On 1 Jan 2022, at 1:45 pm, James Gilmour <jgilmour at globalnet.co.uk> wrote:

Richard
I think there is a difference of interpretation here about the "meaning" of incomplete preferences  -  and about not voting.

"Election method (system) is about representing all voters", indeed.  Note your word "voters".  So those electors who choose to opt out by not voting (abstain) are themselves making a conscious decision not to take part is the process of choosing the representatives.  I can see nothing that implies abstentions must be counted.

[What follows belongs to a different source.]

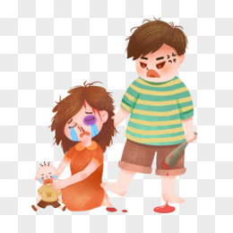 卡通手绘男人家暴孩子痛哭元素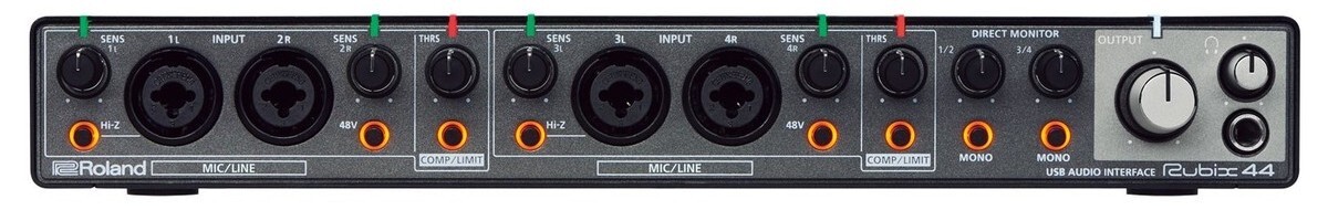 Roland Rubix44 - это внешний аудиоинтерфейс, имеющий 4 входных и 4 выходных канала, USB порт. Устройство совместимо с Mac и iOS-устройствами (iPad), PC. Аудиоинтерфейс способен работать с высокой частотой дискретизации - 24 бит/192 кГц. Особенностью этой модели является по-настоящему студийное качество звучания и звукозаписи, предельно низкая задержка, высокое качество сборки и компактные размеры. Входы интерфейса комбинированные XLR-1/4", выходы - TRS. Есть независимый выход на наушники, стандартный MIDI вход/выход

Similarly, in an STV-PR election I always understood that any second and subsequent preferences indicated contingency choices that would come into play only if your first choice candidate was excluded (because too few voters supported him) or was already elected (and so did not need your support, and could not in due proportion also represent you).  When a voter does not mark a preference against every candidates on her ballot paper, she is telling the Returning Officer to give effect to the preferences she has marked, and then said: "If it comes to a choice among any of the remaining candidates (whom I have not marked), I am not able or don't wish to express any preference among them and I am happy to leave any choice that has to be made among those candidates to those voters who do have preferences among those candidates.

James Gilmour


> -----Original Message-----
> From: Election-Methods [mailto:election-methods-bounces at lists.electorama.com] On Behalf Of Richard Lung
> Sent: 30 December 2021 18:44
> To: Forest Simmons <forest.simmons21 at gmail.com>; EM <Election-methods at lists.electorama.com>
> Subject: Re: [EM] Tie Breaking Version of Burial Resistant Method
> 
> Election method is about representing all voters, not about beating other candidates. A frequent objection to the latter
> approach is that in ruling out candidates, voter information about them is being lost.
> 
> The key to progress in election method is to count all the preferential information supplied by the voters. That means not
> only counting votes that help to elect, but counting votes that help to exclude. Hence, my binomial count. Which also
> implies the abstentions must be counted. --  To properly balance the books, all preferences must be counted.
> 
> Regards,
> Richard Lung.
> 
> 
>> On 30/12/2021 00:00, Forest Simmons wrote:
>> Let's say a candidate is at the "bottom" of a set of candidates if it
>> is not ranked above even one member of the set.
>> 
>> The basic method is to elect the candidate who on the most ballots
>> pairwise beats every bottom candidate.
>> 
>> Here's the procedure Proc(Beta) with built in tie breaker:
>> 
>> Beta is the set of ballots serving as input for this election
>> procedure. Let K be the set of candidates ranked by the ballots of Beta.
>> 
>> For each candidate X in K let n(X) be the number of ballots B in Beta
>> on which X pairwise beats every bottom candidate of B.
>> 
>> Let T be the set argmax(n(X)), i.e.the tied winning set. If T has only
>> one member, elect that member. Else if T=K, i.e. all candidates are in
>> an exact tie, then elect by random ballot from K. Otherwise, elect
>> Proc(Beta(T)), i.e. apply this procedure recursively to the set of
>> ballots restricted to T.
>> 
>> Without the tiebreaking extension, this method is about as susceptible
>> to ties as Implicit Approval.
>> 
>> Simple random ballot would be adequate for this single winner method,
>> but to get an "order of finish" method based on the function
>> X---->n(X) the recursive version would be very appropriate .... by
>> transforming n(X) into a polynomial in powers of epsilon with an
>> additional term for each recursive pass through the procedure.